Plasma Acylcarnitines and Risk of Type 2 Diabetes in a Mediterranean Population at High Cardiovascular Risk

J Clin Endocrinol Metab. 2019 May 1;104(5):1508-1519. doi: 10.1210/jc.2018-01000.

Abstract

Context: The potential associations between acylcarnitine profiles and incidence of type 2 diabetes (T2D) and whether acylcarnitines can be used to improve diabetes prediction remain unclear.
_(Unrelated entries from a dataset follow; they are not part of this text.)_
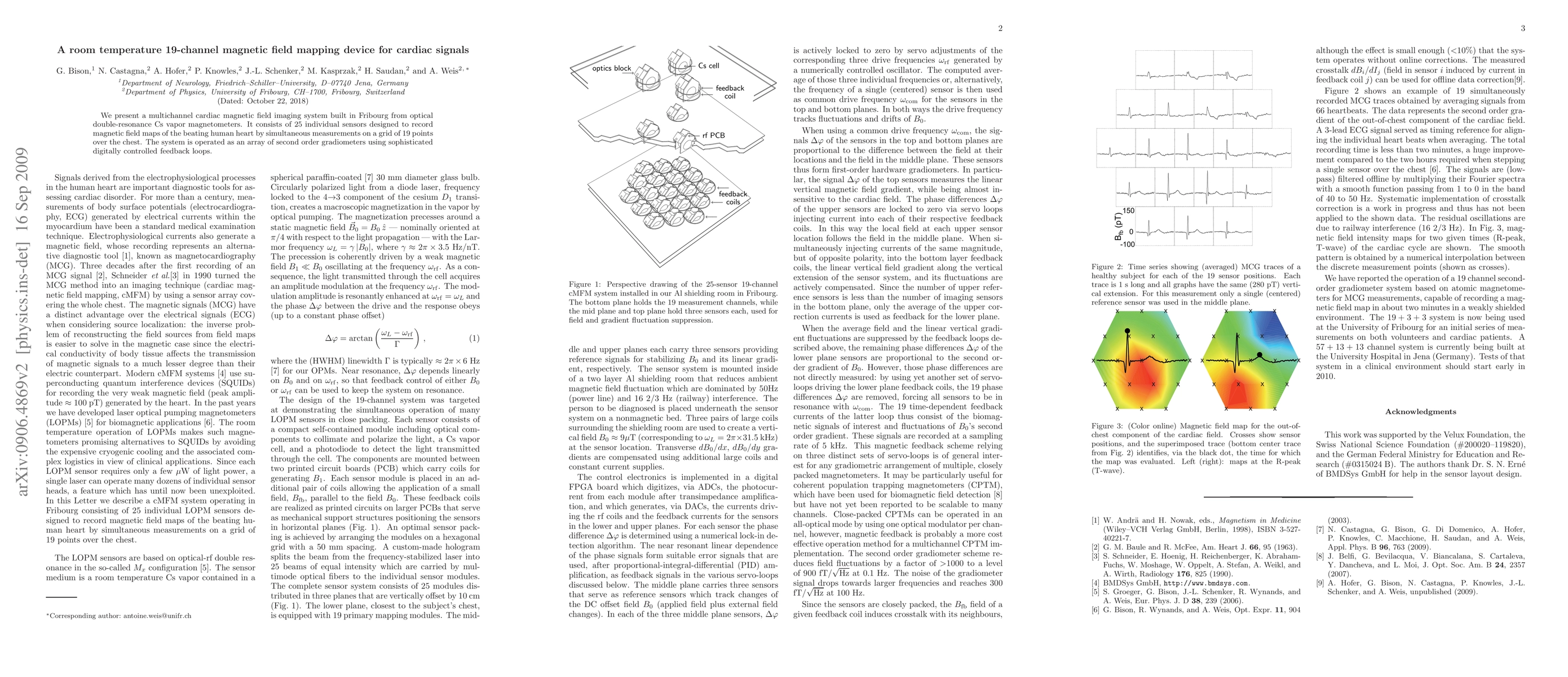 This paper introduces a 19-channel magnetic field mapping device for cardiac signals, utilizing optical double-resonance Cs vapor magnetometers in Fribourg, which records magnetic field maps of the human heart through simultaneous measurements across a grid of 19 points on the chest, employing an array of second-order gradiometers.
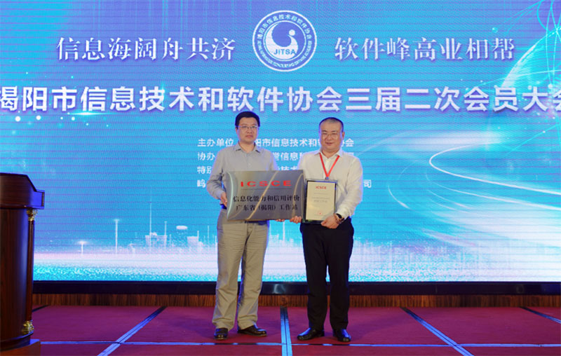 国家信息化能力和信用评价中心向我会授予“ICSCE信息化能力和信用评价广东省(揭阳)工作站”牌匾及证书。
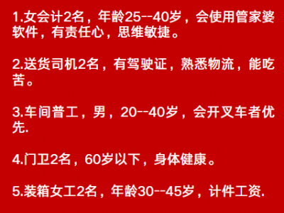 5.装箱女工2名,年龄30--45岁,计件工资.
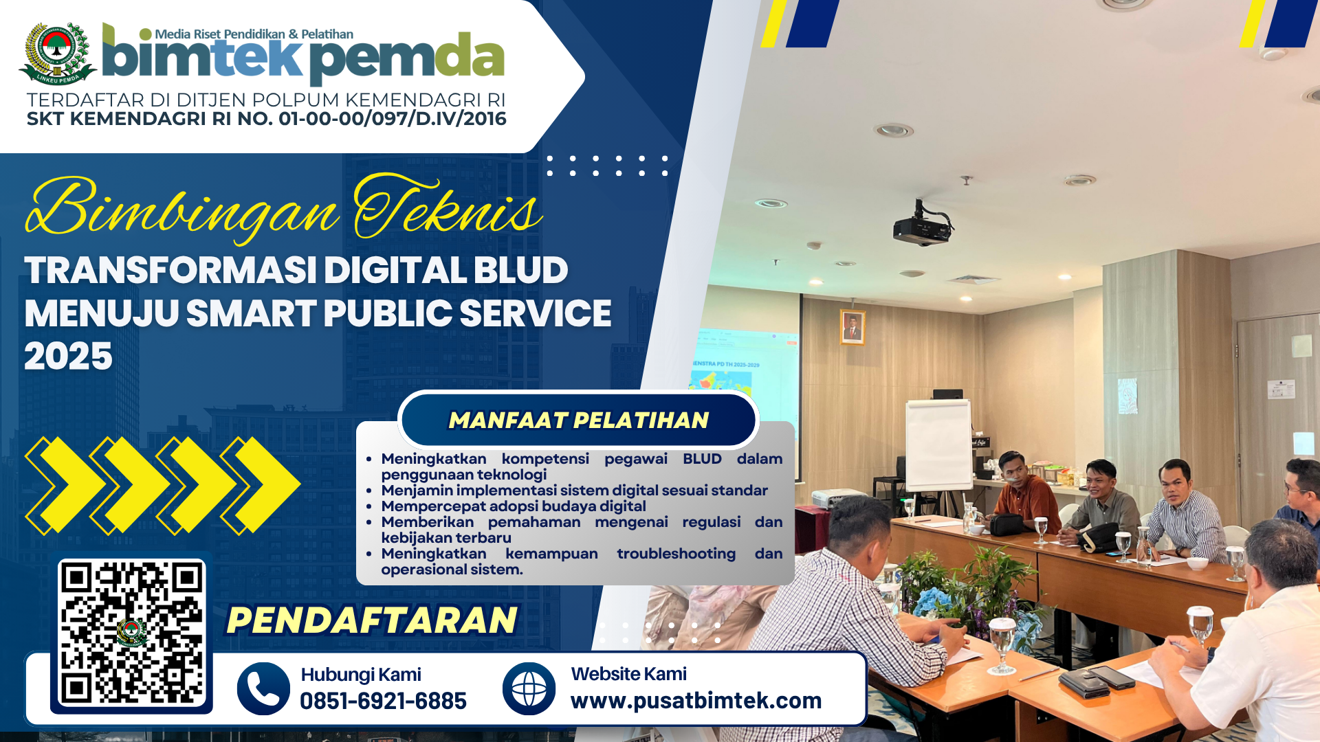 Transformasi digital telah menjadi kebutuhan utama bagi setiap Badan Layanan Umum Daerah (BLUD) yang ingin meningkatkan kualitas layanan publik. Memasuki tahun 2025, tuntutan masyarakat terhadap layanan yang cepat, transparan, dan berbasis teknologi semakin tinggi. Oleh karena itu, program Bimtek Transformasi Digital BLUD menjadi langkah strategis untuk memastikan bahwa BLUD mampu beradaptasi dengan perkembangan teknologi dan memenuhi standar pelayanan yang modern.
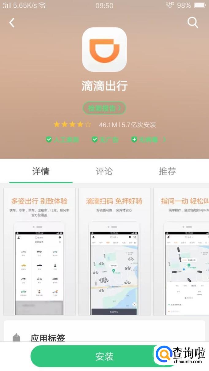 打开手机软件商店,搜索“滴滴出行”,点击安装。
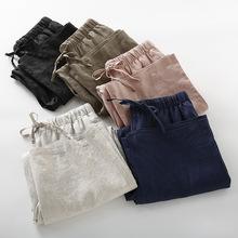 2025 nuevos pantalones rectos de algodón y lino primavera y verano delgados cintura elástica holgados pantalones de mujer pijamas para el hogar pantalones casuales
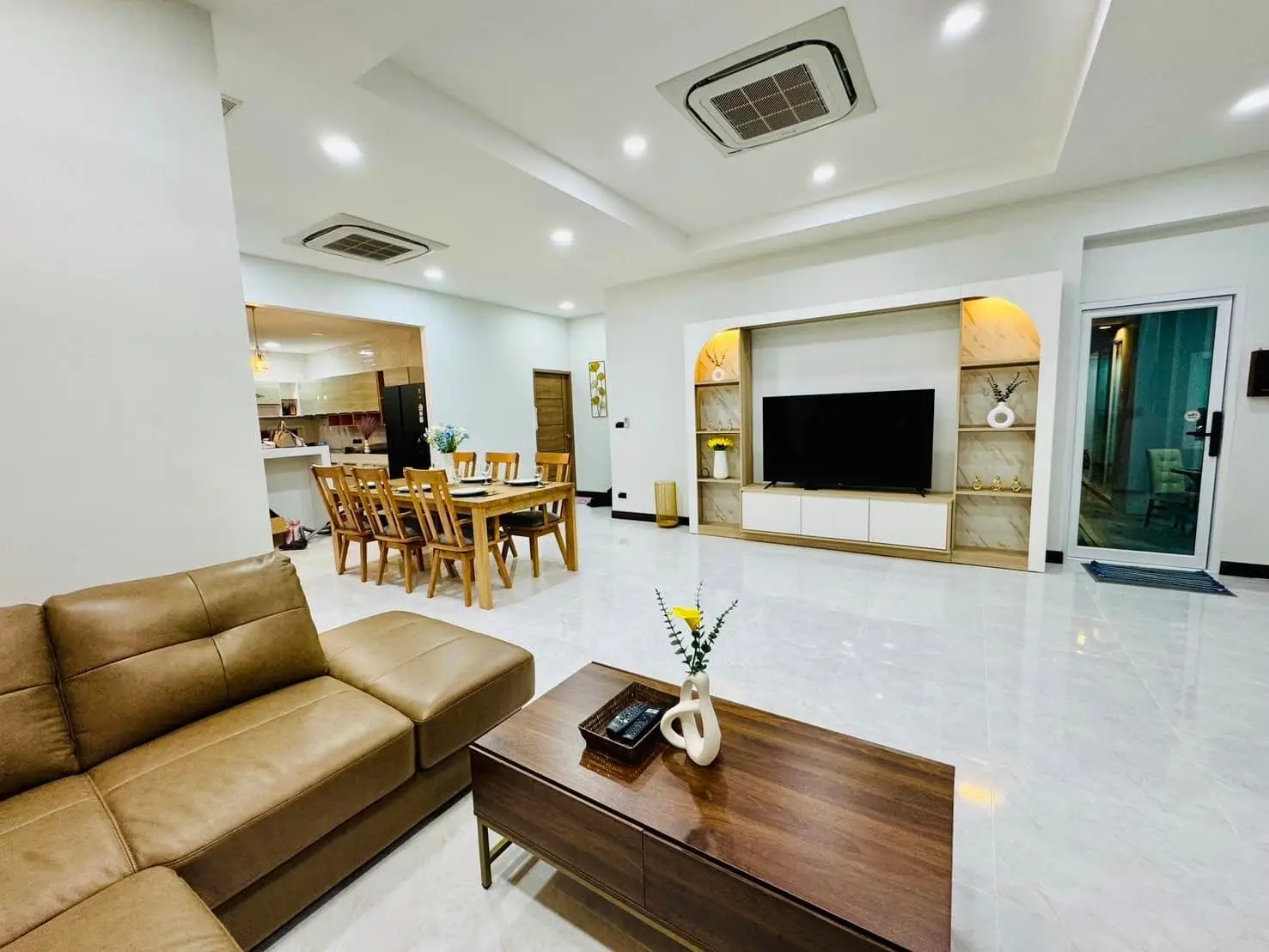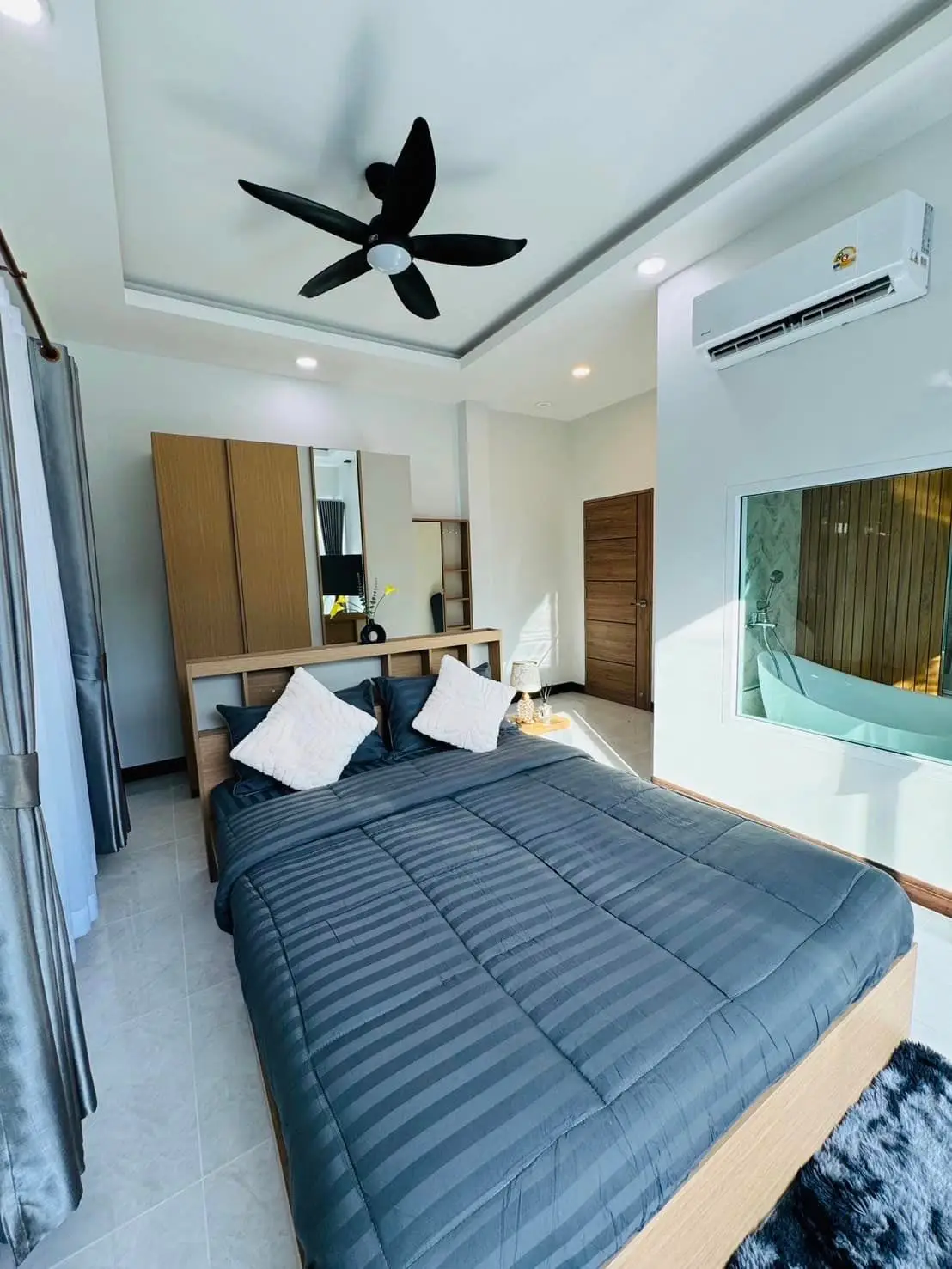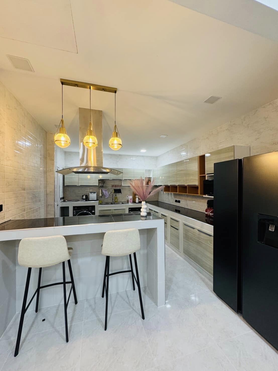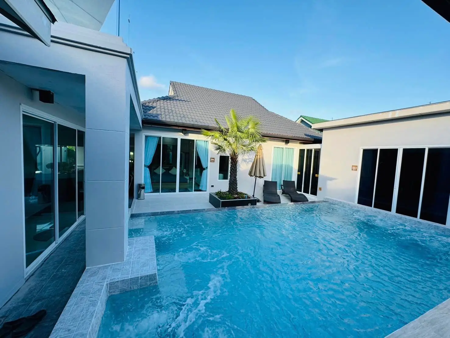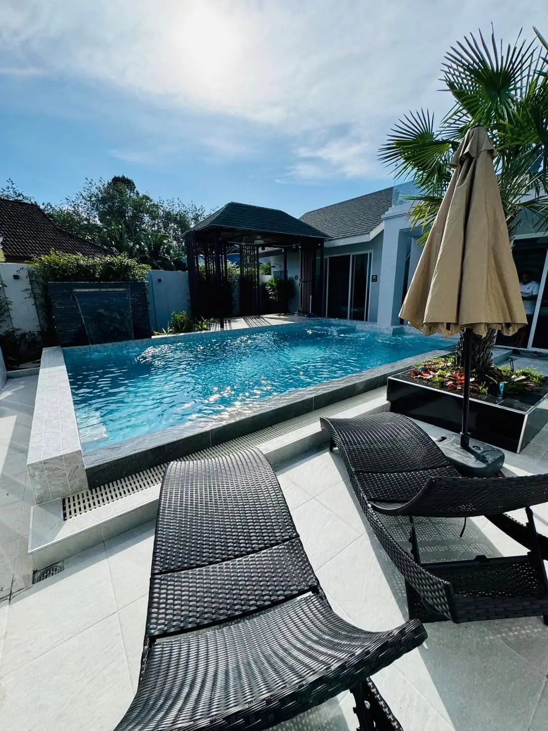 Luxury Villa for Rent in Thalang! This spacious villa features 4 bedrooms, 6 bathrooms (2 with bathtubs), a sauna, a stylish sky bar, and even a pet room, perfect for those with small pets. The home is equipped with a hot and cold water system throughout and has parking space for 1 car.
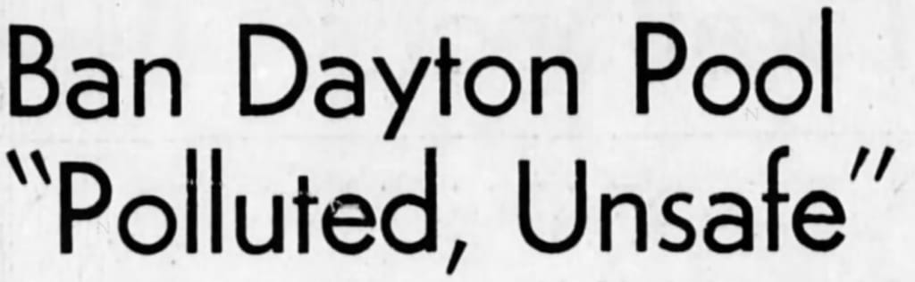 In 1959, Dayton’s Pool was declared “polluted and unsafe” and health officials posted signs declaring: “Warning! Dayton Pool has been condemned by the Medical Health Officer. Users do so at their OWN RISK.”
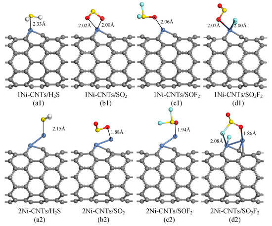 The DFT calculations were performed using Dmol3 package of materials studio. The structure of (8, 0) Ni-CNTs was built by substituting a carbon atom by one Ni atom. In addition, a 20 × 20 × 8.5 Å periodic-boundary supercell was built to avoid the interference of adjacent cells. Then, the optimized adsorption structures of SO2, H2S, SOF2, and SO2F2 on the surface of Ni-CNTs were calculated with different initial gas positions. The Perdew–Burke–Ernzerhof (PBE) function generalized gradient approximation was adopted to treat the exchange-correlation potential. The convergence criterion for energy and force was set at 10−5 Ha and 2 × 10−3 Ha/Å, respectively. The Brillouin zone was sampled with 1 × 1 × 2 Monkhorst–Pack mesh. The adsorption energy (Eads) of the molecules adsorbed on Ni-CNTs was defined by the following Equation (3):

Objective: To evaluate the associations between baseline and 1-year changes in acylcarnitines and their diabetes predictive ability beyond traditional risk factors.

Design, setting, and participants: We designed a case-cohort study within the PREDIMED Study including all incident cases of T2D (n = 251) and 694 randomly selected participants at baseline (follow-up, 3.8 years). Plasma acylcarnitines were measured using a targeted approach by liquid chromatography-tandem mass spectrometry. We tested the associations between baseline and 1-year changes in individual acylcarnitines and T2D risk using weighted Cox regression models. We used elastic net regressions to select acylcarnitines for T2D prediction and compute a weighted score using a cross-validation approach.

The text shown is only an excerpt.